▶ _Work required_: After locating the line that holds "昨天无意发现了福清居然也有地", repeat it and each following line exactly until the material ends, skipping pictures.

▶ _Given information_:
- - -

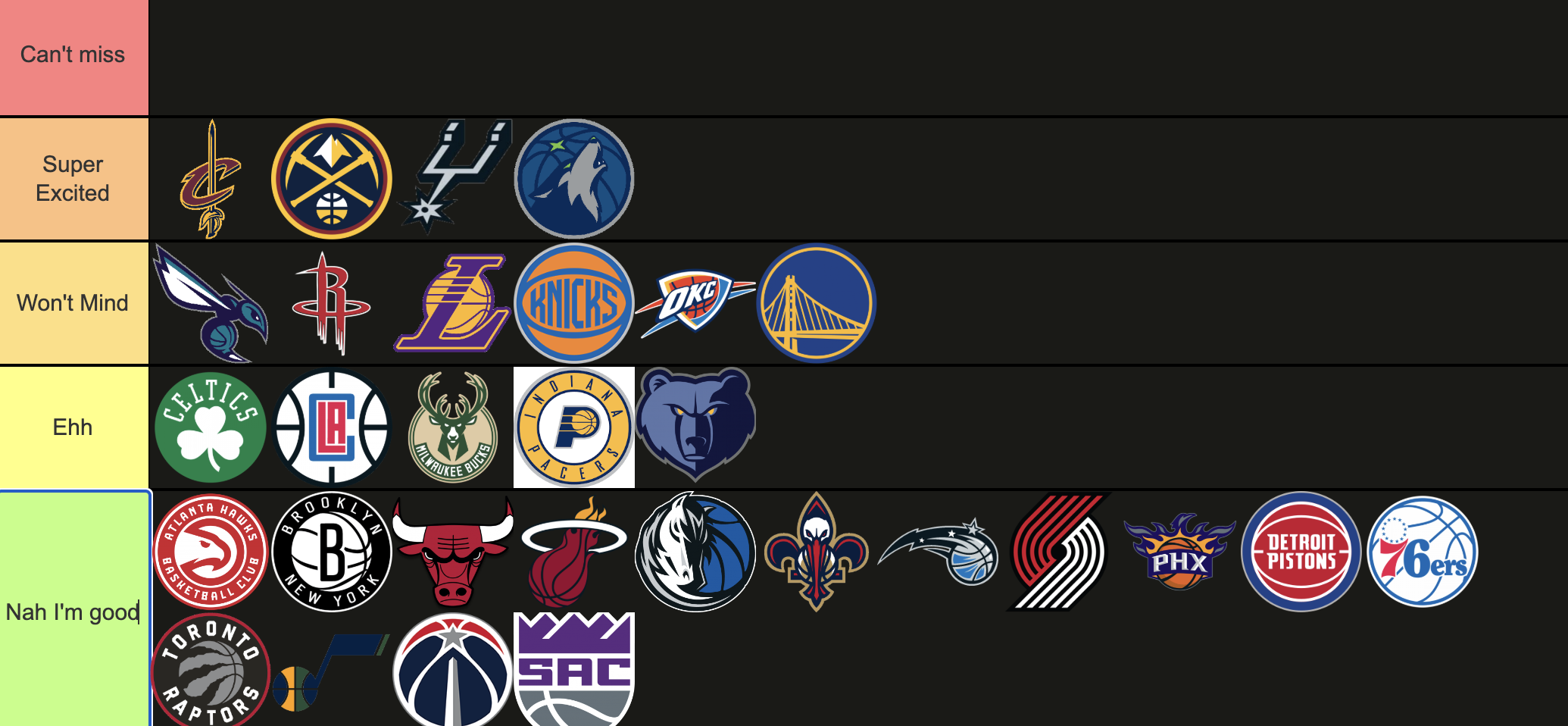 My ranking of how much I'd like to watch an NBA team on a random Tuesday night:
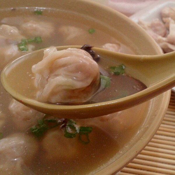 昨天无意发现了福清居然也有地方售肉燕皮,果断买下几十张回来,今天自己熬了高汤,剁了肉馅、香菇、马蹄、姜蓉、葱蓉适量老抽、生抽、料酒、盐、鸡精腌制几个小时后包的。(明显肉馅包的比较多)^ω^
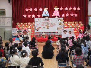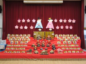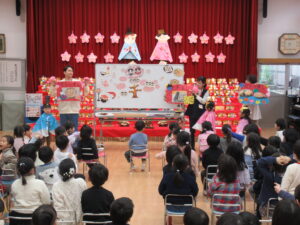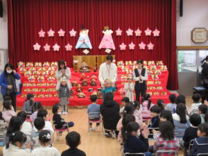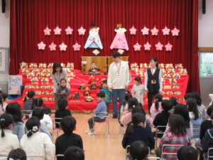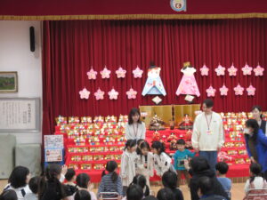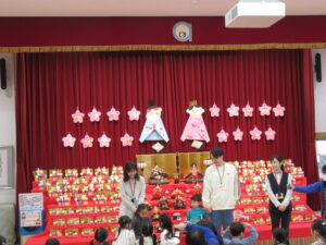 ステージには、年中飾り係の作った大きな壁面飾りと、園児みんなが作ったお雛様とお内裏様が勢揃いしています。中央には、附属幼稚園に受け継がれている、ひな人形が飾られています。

- - -

▶ _Task solution_:
 昨天无意发现了福清居然也有地方售肉燕皮,果断买下几十张回来,今天自己熬了高汤,剁了肉馅、香菇、马蹄、姜蓉、葱蓉适量老抽、生抽、料酒、盐、鸡精腌制几个小时后包的。(明显肉馅包的比较多)^ω^
 ステージには、年中飾り係の作った大きな壁面飾りと、園児みんなが作ったお雛様とお内裏様が勢揃いしています。中央には、附属幼稚園に受け継がれている、ひな人形が飾られています。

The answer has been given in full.